Stored items from a collection
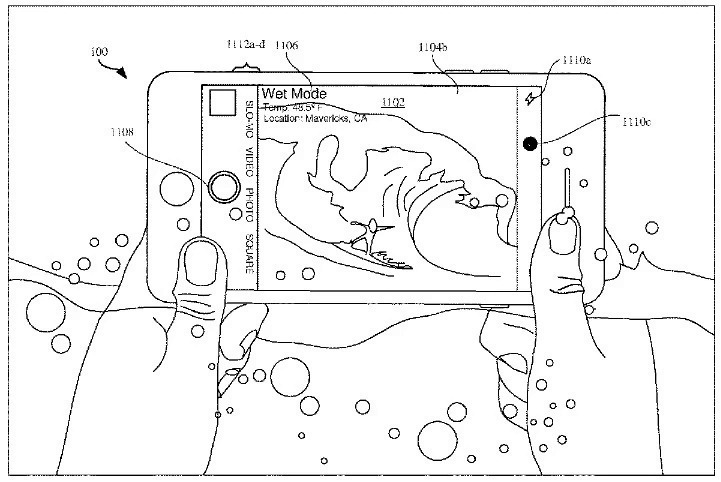 Apple vừa được Văn phòng Sáng chế và Nhãn hiệu Mỹ (USPTO) cấp bằng sáng chế có tên "Tính năng thích nghi của thiết bị điện tử khi tiếp xúc với hơi ẩm". Theo mô tả, người dùng thiết bị di động có thể dễ dàng dùng ngón tay thao tác trên màn hình cảm ứng ngay cả khi màn hình hoặc ngón tay bị ướt, kể cả trời mưa nhẹ hoặc đang được sử dụng dưới nước.
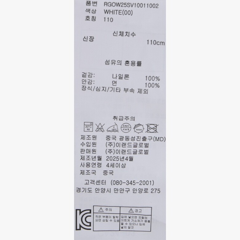 | 1. 제품 소재 (섬유의 조성 또는 혼용률을 백분율로 표시, 기능성인 경우 성적서 또는 허가서) | 상품상세참조 |
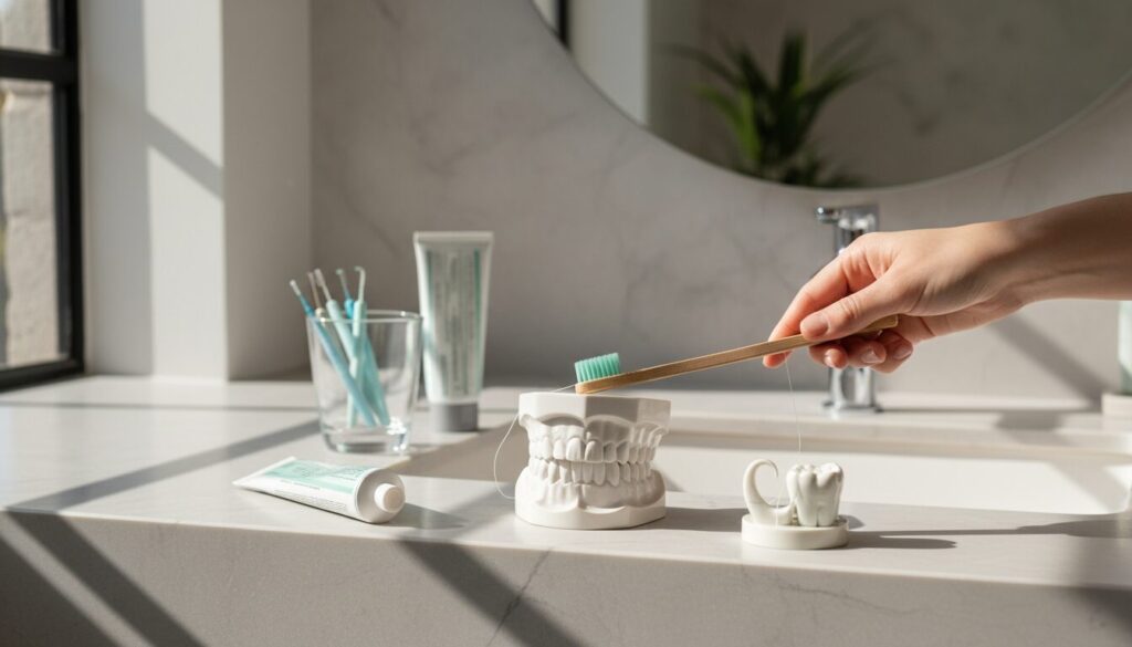 デンタルフロスや歯間ブラシを併用することで、歯間部のプラークを効果的に除去できます。デンタルフロスは、40cm程度の長さに切り、両手の中指に巻き付けて使用します。歯と歯の間にゆっくりと挿入し、歯の側面に沿わせながら上下に動かします。
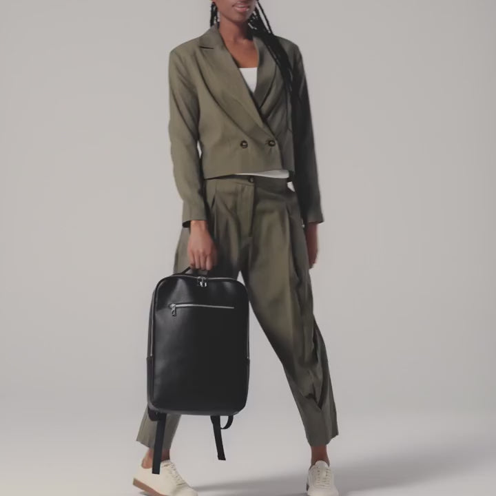 Izrađen s naglaskom na stil i održivost, LUXE poslovni ruksak ima vanjštinu od visokokvalitetne veganske kože i unutrašnjost od 100 % recikliranog poliestera s GRS certifikatom. Zahvaljujući dvosmjernom patentnom zatvaraču, pristup stvarima je brz i jednostavan, a pretinac je prikladan za laptope do 14''. Sakriveni patentni zatvarač za personalizaciju omogućuje dodavanje osobnog pečata, dok prednji džep, brojni unutarnji pretinci i odvojivi, podesivi remen za rame nude dodatnu funkcionalnost i praktičnost.
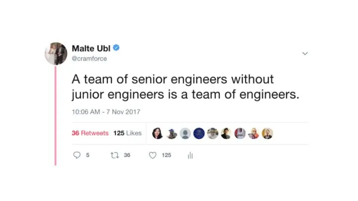 我还想说另外一点,即从职业生涯的角度来给出一些我的思考。我想我们当中很多人都会立志成为一名高级工程师。或许还在奋斗的路上,但我们的目标是达到那样的水平。在我看来,高级一词意味着我有能力解决别人抛来的几乎所有问题,我掌握开发工具的用法,我了解所在领域的动态。而另一个很重要的部分在于我能够让初级工程师最终成为高级工程师。
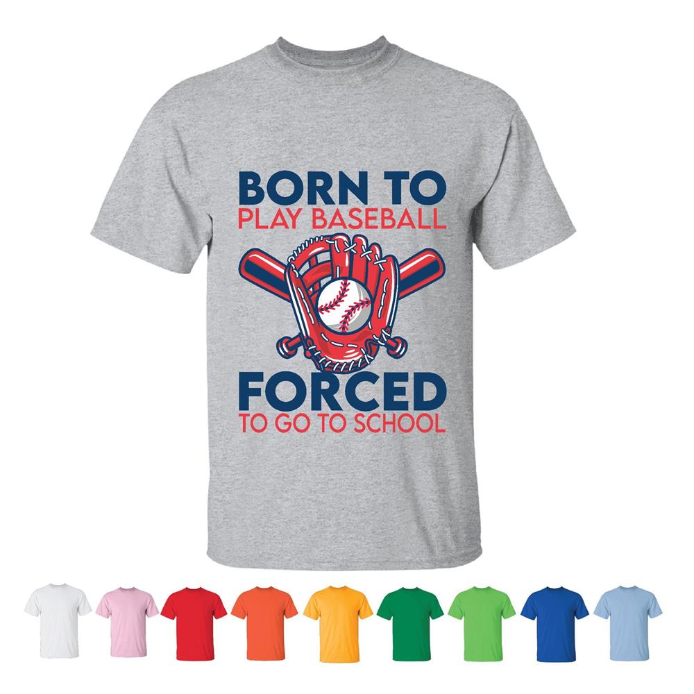 Born To Play Baseball Forced To Go To School funny for Baseball Lover Men Women White Gray T shirt
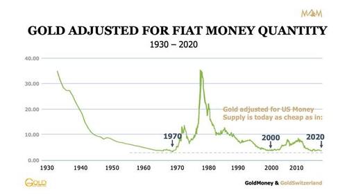 The current gold price is not even reflecting the money printing and credit creation that we have seen so far. The graph below shows that in relation to US money supply, gold today is as cheap as it was in 1970 when the gold price was $35 or in 2000 when gold was $288.
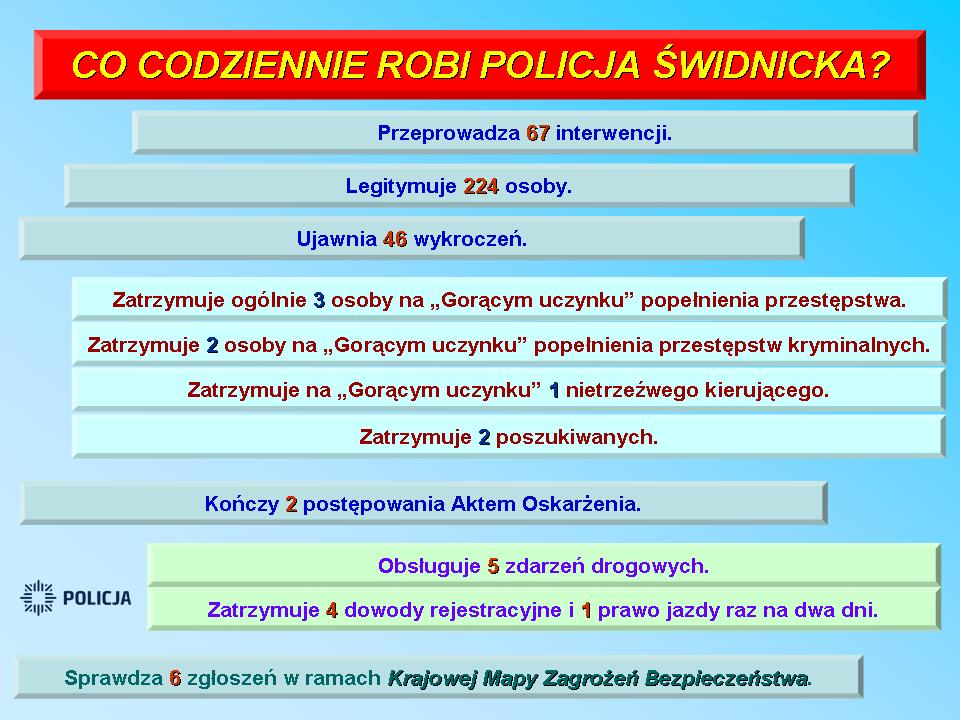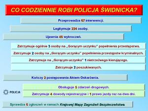 Komendant podając wyniki liczbowe zaznaczył, że na stan bezpieczeństwa mieszkańców powiatu wpływ miały również działania policjantów Wydziału Prewencji oraz Ruchu Drogowego świdnickiej jednostki, którzy przez cały rok prowadzili szereg działań zmierzających do poprawy bezpieczeństwa na drogach powiatu.
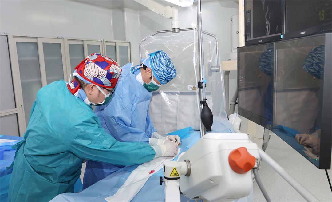 早一秒手術(shù)就多一絲康復(fù)希望。劉愛軍馬上抽組科室精干力量組成專家救治小組,實(shí)施導(dǎo)管介入取栓手術(shù)。醫(yī)護(hù)人員從右側(cè)大腿腹股溝股動(dòng)脈處建立通路,在支架輔助下,取栓導(dǎo)管安全精準(zhǔn)抵達(dá)堵塞血管處。不多久,在劉愛軍團(tuán)隊(duì)細(xì)心操作下,比頭發(fā)還細(xì)的導(dǎo)絲成功穿過血栓,并引領(lǐng)支架成功取出血栓。
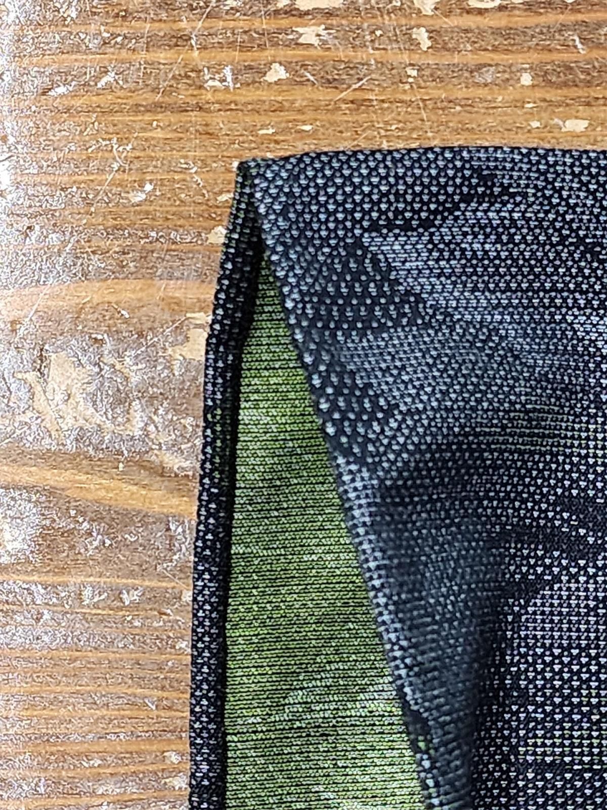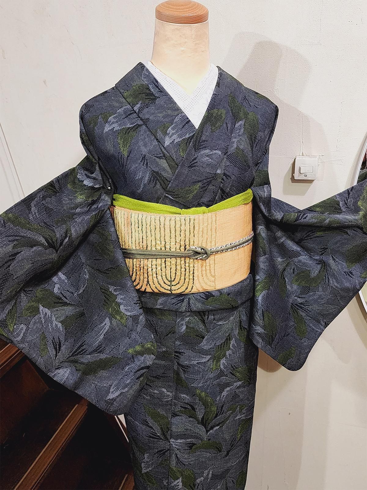 落ち着いたグレートーン✕ハーバルグリーンのモリスのファブリックのようなリーフモチーフのが美しいシルクウール単着物
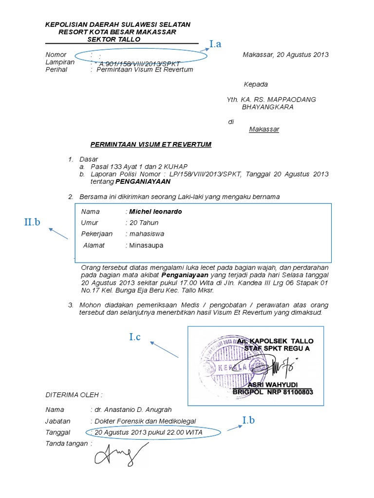 Surat Keterangan Visum Et Repertum Format Unhas Korban Hidup. Setiap jenis surat memiliki format dan isi yang berbeda sehingga perlu peninjauan lebih detail dan teliti yang disesuaikan dengan subjek dan kebutuhan pembuatan surat. Hasil pemeriksaan forensik kecelakaan lalulintas atas tn.

- [Instructions to follow]
From the first line to the last, repeat the records exactly and skip the pictures.

- [Output for this task]
 Apple vừa được Văn phòng Sáng chế và Nhãn hiệu Mỹ (USPTO) cấp bằng sáng chế có tên "Tính năng thích nghi của thiết bị điện tử khi tiếp xúc với hơi ẩm". Theo mô tả, người dùng thiết bị di động có thể dễ dàng dùng ngón tay thao tác trên màn hình cảm ứng ngay cả khi màn hình hoặc ngón tay bị ướt, kể cả trời mưa nhẹ hoặc đang được sử dụng dưới nước.
 | 1. 제품 소재 (섬유의 조성 또는 혼용률을 백분율로 표시, 기능성인 경우 성적서 또는 허가서) | 상품상세참조 |
 デンタルフロスや歯間ブラシを併用することで、歯間部のプラークを効果的に除去できます。デンタルフロスは、40cm程度の長さに切り、両手の中指に巻き付けて使用します。歯と歯の間にゆっくりと挿入し、歯の側面に沿わせながら上下に動かします。
 Izrađen s naglaskom na stil i održivost, LUXE poslovni ruksak ima vanjštinu od visokokvalitetne veganske kože i unutrašnjost od 100 % recikliranog poliestera s GRS certifikatom. Zahvaljujući dvosmjernom patentnom zatvaraču, pristup stvarima je brz i jednostavan, a pretinac je prikladan za laptope do 14''. Sakriveni patentni zatvarač za personalizaciju omogućuje dodavanje osobnog pečata, dok prednji džep, brojni unutarnji pretinci i odvojivi, podesivi remen za rame nude dodatnu funkcionalnost i praktičnost.
 我还想说另外一点,即从职业生涯的角度来给出一些我的思考。我想我们当中很多人都会立志成为一名高级工程师。或许还在奋斗的路上,但我们的目标是达到那样的水平。在我看来,高级一词意味着我有能力解决别人抛来的几乎所有问题,我掌握开发工具的用法,我了解所在领域的动态。而另一个很重要的部分在于我能够让初级工程师最终成为高级工程师。
 Born To Play Baseball Forced To Go To School funny for Baseball Lover Men Women White Gray T shirt
 The current gold price is not even reflecting the money printing and credit creation that we have seen so far. The graph below shows that in relation to US money supply, gold today is as cheap as it was in 1970 when the gold price was $35 or in 2000 when gold was $288.
 Komendant podając wyniki liczbowe zaznaczył, że na stan bezpieczeństwa mieszkańców powiatu wpływ miały również działania policjantów Wydziału Prewencji oraz Ruchu Drogowego świdnickiej jednostki, którzy przez cały rok prowadzili szereg działań zmierzających do poprawy bezpieczeństwa na drogach powiatu.
 早一秒手術(shù)就多一絲康復(fù)希望。劉愛軍馬上抽組科室精干力量組成專家救治小組,實(shí)施導(dǎo)管介入取栓手術(shù)。醫(yī)護(hù)人員從右側(cè)大腿腹股溝股動(dòng)脈處建立通路,在支架輔助下,取栓導(dǎo)管安全精準(zhǔn)抵達(dá)堵塞血管處。不多久,在劉愛軍團(tuán)隊(duì)細(xì)心操作下,比頭發(fā)還細(xì)的導(dǎo)絲成功穿過血栓,并引領(lǐng)支架成功取出血栓。
 落ち着いたグレートーン✕ハーバルグリーンのモリスのファブリックのようなリーフモチーフのが美しいシルクウール単着物
 Surat Keterangan Visum Et Repertum Format Unhas Korban Hidup. Setiap jenis surat memiliki format dan isi yang berbeda sehingga perlu peninjauan lebih detail dan teliti yang disesuaikan dengan subjek dan kebutuhan pembuatan surat. Hasil pemeriksaan forensik kecelakaan lalulintas atas tn.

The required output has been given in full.